Despite his nerdy name, Archibald Peachy was a tall, good-looking Southern aristocrat. He was fond of dueling whenever his name was impugned, a habit he started in college. He dueled with his friend James Blain in 1852, where he prevailed. Much later in 1879 when he had become nearly blind, he challenged California Supreme Court Justice David Terry to a duel, but Terry declined.


Bezer Simmons never prospered in San Francisco. He got deeper in debt and died in 1850, just after transferring full ownership of Coronado to Billings and Peachy to settle his debts.


The land title abstract shows various transactions of sales of portions of Coronado from Billings, and Peachy to various partners. The transaction that Coronado history sources mentions the most is the 1885 sale, where Elisha Babcock, Hampton Story, and Jacob Greundike (soon to leave the partnership) buy all of Coronado ("The Peninsula") for $110,000.

By then, Archibald Peachy had served in the California Assembly and in the California Senate, Frederick Billings eventually returned to his native Vermont, where he became active in the University of Vermont and in the conservation movement. His interest in the academic world is reflected in having indirectly suggested the name of Berkeley be given to the University of California.

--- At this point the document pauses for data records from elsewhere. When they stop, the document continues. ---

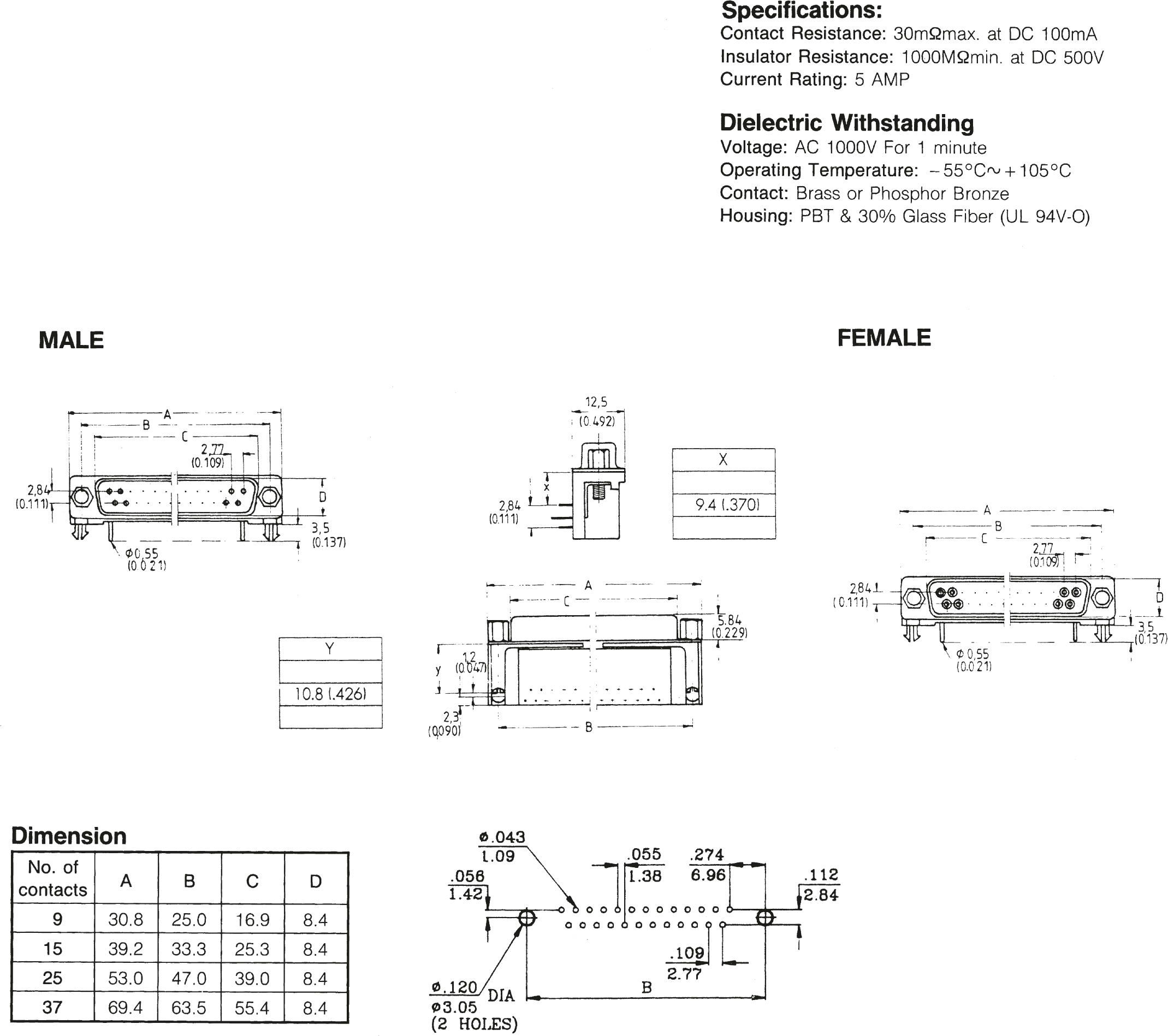 DSub Stecker 9.4 mm, 90° abgewinkelt, EURO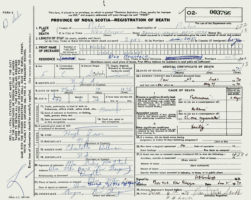 21. Place of burial Blue Mountain Cemetery, Pictou Co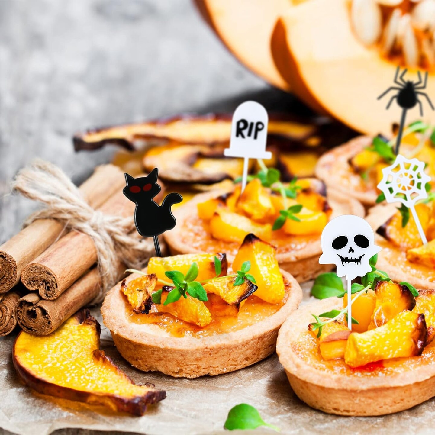100PCS Halloween Toothpicks for Food, Plastic Halloween Food Cocktail Appetizer Picks Cupcake Toppers for Halloween Baby Shower Birthday Wedding Party Cake Decorations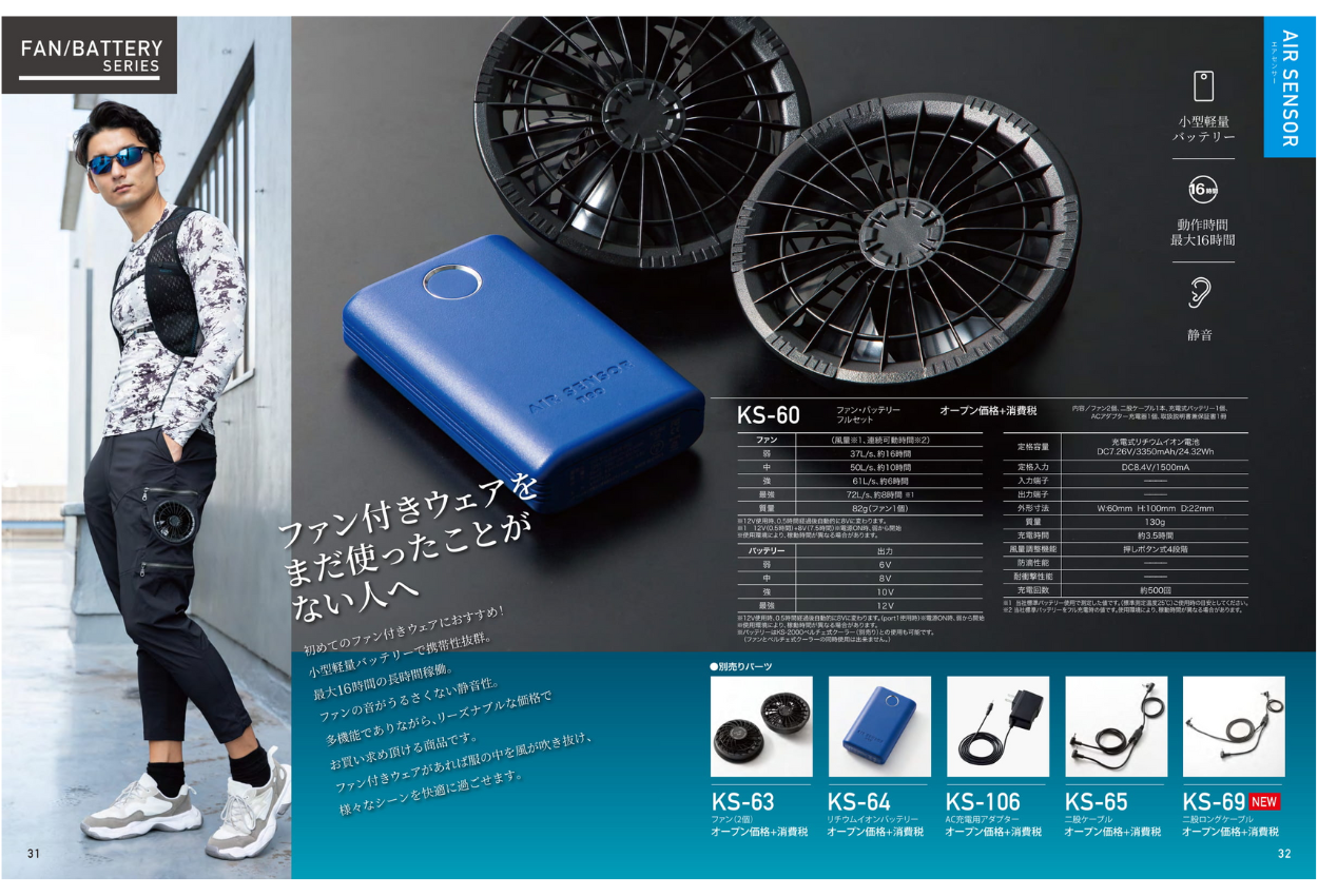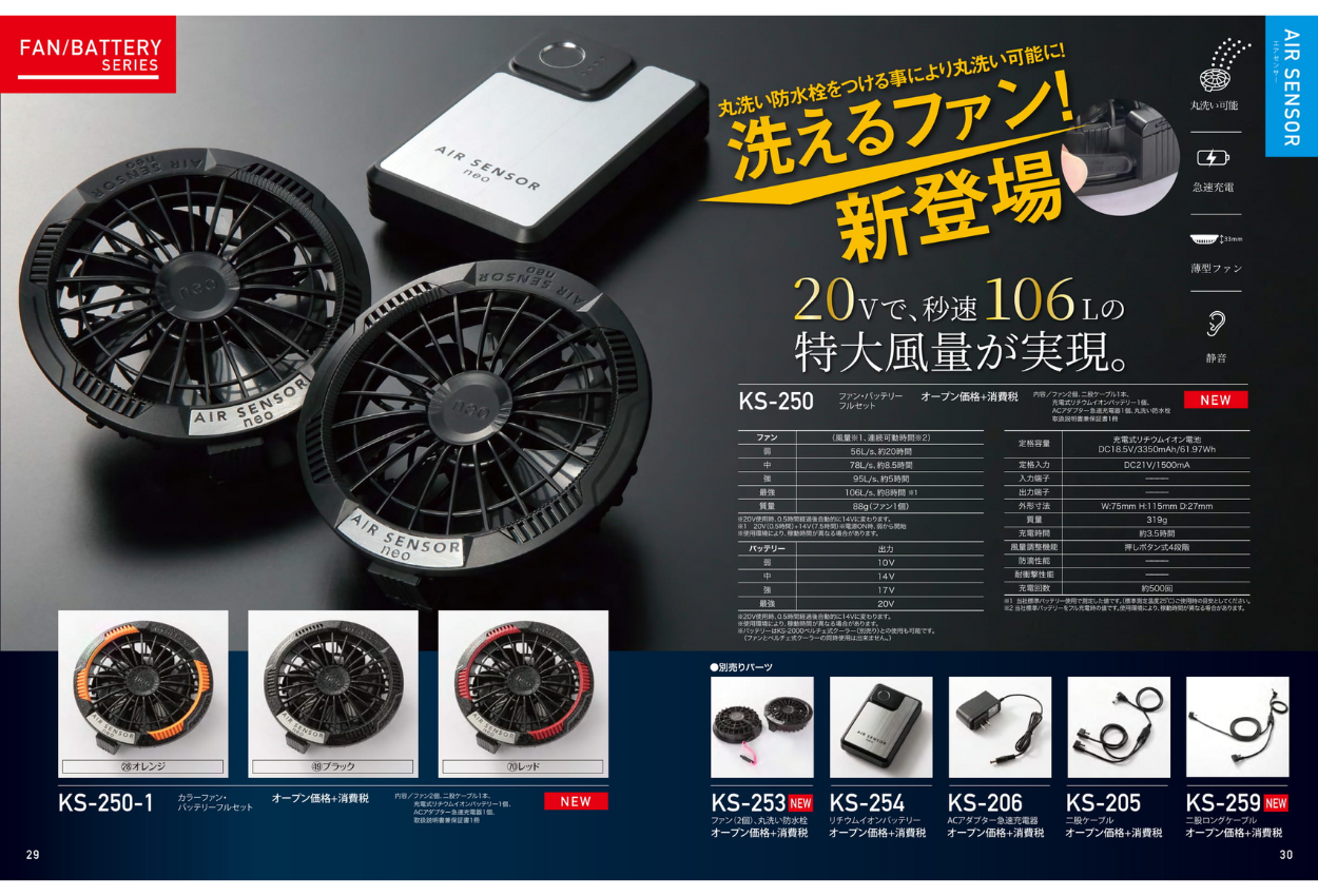 ☆KS-250:最高出力20V・最大風量106ℓ・約3.5時間の急速充電・薄型ファンを使用して体への違和感も軽減・防水栓を使用して丸洗い可能に!

Of course Babcock and Story had big plans to build a resort hotel, the Hotel del Coronado, and to develop most of the rest of Coronado into housing and business lots. The name of Coronado itself was decided upon by Babcock and Story. Although they had several names that came in through a naming contest, they ended up giving the Peninsula the name Coronado, after the Coronado Islands (Los Cuatro Coronados) off the coast of northern Baja California. The name was modified in various promotional documents as Coronado Beach, considered a more picturesque name in helping sell lots.






One of the documents in this collection is the folded map shown below. This street map was used for a sales prospectus in 1886-1887. The map shows the original Spanish Bight dividing North Island from the village. This same street map was used with minor modifications through the 1930s.  The Spanish Bight was filled in as the North Island Naval Air Base expanded in the late 1930s.






































Included in this Coronado archive are various drafts that notaries (historically notaries served as title lawyers) used in preparing the legal documents to transfer ownership of Coronado. in parts or as a whole. These documents could be considered like the manuscript that an author prepared before typing and sending the completed book manuscript to the publisher.





The later drafts specifically mention the Coronado Beach Company, the corporate name of the partnership that developed the Hotel del Coronado and sold lots in Coronado. 






Such documents as are part of this archive provide a larger window in which to see the beginning of Coronado in the 19th century. Much has changed in the world, and especially in Coronado, since they were written. It is amazing that these fragile founding documents survive at all. It would be a blessing to have this loaned archive return to Coronado on a permanent basis.